'''

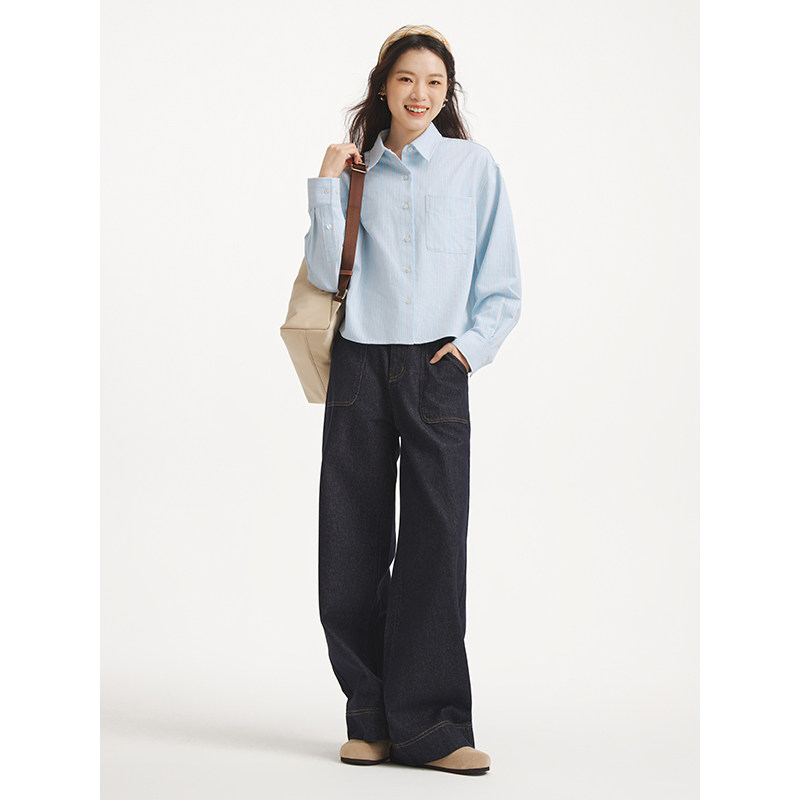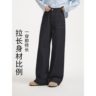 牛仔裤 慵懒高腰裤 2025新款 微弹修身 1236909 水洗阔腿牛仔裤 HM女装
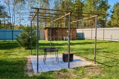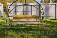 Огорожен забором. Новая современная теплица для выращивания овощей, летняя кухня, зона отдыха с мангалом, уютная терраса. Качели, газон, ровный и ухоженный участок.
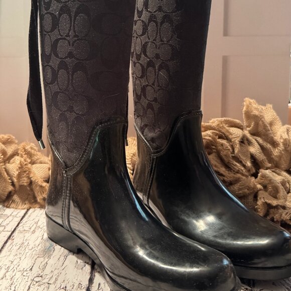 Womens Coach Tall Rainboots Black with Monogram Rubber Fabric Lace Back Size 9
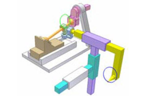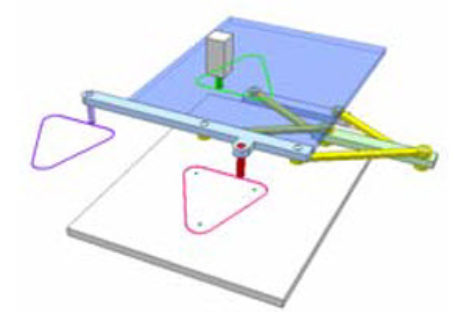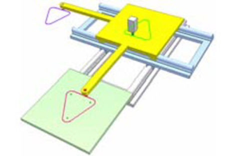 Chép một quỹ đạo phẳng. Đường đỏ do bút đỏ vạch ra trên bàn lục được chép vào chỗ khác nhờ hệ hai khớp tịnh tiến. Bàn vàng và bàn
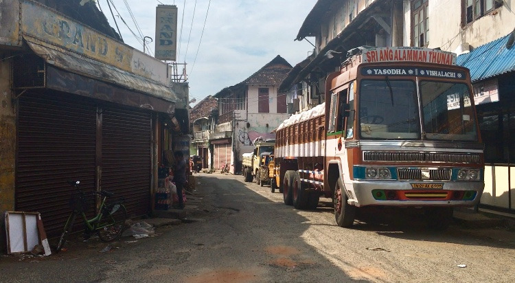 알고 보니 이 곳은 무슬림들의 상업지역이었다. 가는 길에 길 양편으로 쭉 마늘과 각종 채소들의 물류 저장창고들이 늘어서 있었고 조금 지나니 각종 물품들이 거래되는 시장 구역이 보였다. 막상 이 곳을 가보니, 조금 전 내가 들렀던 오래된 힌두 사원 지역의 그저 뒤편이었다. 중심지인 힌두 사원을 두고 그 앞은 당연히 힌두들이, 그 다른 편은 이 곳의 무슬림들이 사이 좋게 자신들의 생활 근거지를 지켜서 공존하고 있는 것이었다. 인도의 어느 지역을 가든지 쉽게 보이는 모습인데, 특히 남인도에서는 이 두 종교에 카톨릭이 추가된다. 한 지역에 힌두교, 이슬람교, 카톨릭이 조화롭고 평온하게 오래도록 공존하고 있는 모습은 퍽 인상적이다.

'''

The lines to retype run from the one containing "Огорожен забором. Новая" through the last line of the records above; write them exactly and skip the pictures.

## Response area
 Огорожен забором. Новая современная теплица для выращивания овощей, летняя кухня, зона отдыха с мангалом, уютная терраса. Качели, газон, ровный и ухоженный участок.
 Womens Coach Tall Rainboots Black with Monogram Rubber Fabric Lace Back Size 9
 Chép một quỹ đạo phẳng. Đường đỏ do bút đỏ vạch ra trên bàn lục được chép vào chỗ khác nhờ hệ hai khớp tịnh tiến. Bàn vàng và bàn
 알고 보니 이 곳은 무슬림들의 상업지역이었다. 가는 길에 길 양편으로 쭉 마늘과 각종 채소들의 물류 저장창고들이 늘어서 있었고 조금 지나니 각종 물품들이 거래되는 시장 구역이 보였다. 막상 이 곳을 가보니, 조금 전 내가 들렀던 오래된 힌두 사원 지역의 그저 뒤편이었다. 중심지인 힌두 사원을 두고 그 앞은 당연히 힌두들이, 그 다른 편은 이 곳의 무슬림들이 사이 좋게 자신들의 생활 근거지를 지켜서 공존하고 있는 것이었다. 인도의 어느 지역을 가든지 쉽게 보이는 모습인데, 특히 남인도에서는 이 두 종교에 카톨릭이 추가된다. 한 지역에 힌두교, 이슬람교, 카톨릭이 조화롭고 평온하게 오래도록 공존하고 있는 모습은 퍽 인상적이다.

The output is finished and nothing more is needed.